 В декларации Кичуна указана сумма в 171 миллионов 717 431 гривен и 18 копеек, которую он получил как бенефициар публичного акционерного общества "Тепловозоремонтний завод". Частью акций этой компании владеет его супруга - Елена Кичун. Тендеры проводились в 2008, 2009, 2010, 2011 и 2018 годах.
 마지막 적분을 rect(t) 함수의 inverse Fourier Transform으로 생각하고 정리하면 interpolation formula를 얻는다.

......

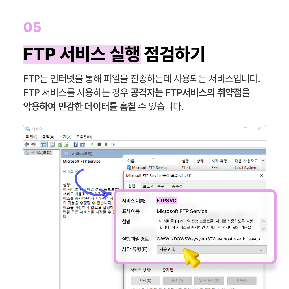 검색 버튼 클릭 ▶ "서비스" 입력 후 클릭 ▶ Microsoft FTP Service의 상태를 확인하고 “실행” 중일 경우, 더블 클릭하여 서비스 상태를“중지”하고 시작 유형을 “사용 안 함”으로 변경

......

• _Goal of the exercise_: Looking at the records above, return exactly the lines from the line with "В декларации Кичуна указана" to the line with "마지막 적분을 rect(t)", both ends included.

• _Result_:
 В декларации Кичуна указана сумма в 171 миллионов 717 431 гривен и 18 копеек, которую он получил как бенефициар публичного акционерного общества "Тепловозоремонтний завод". Частью акций этой компании владеет его супруга - Елена Кичун. Тендеры проводились в 2008, 2009, 2010, 2011 и 2018 годах.
 마지막 적분을 rect(t) 함수의 inverse Fourier Transform으로 생각하고 정리하면 interpolation formula를 얻는다.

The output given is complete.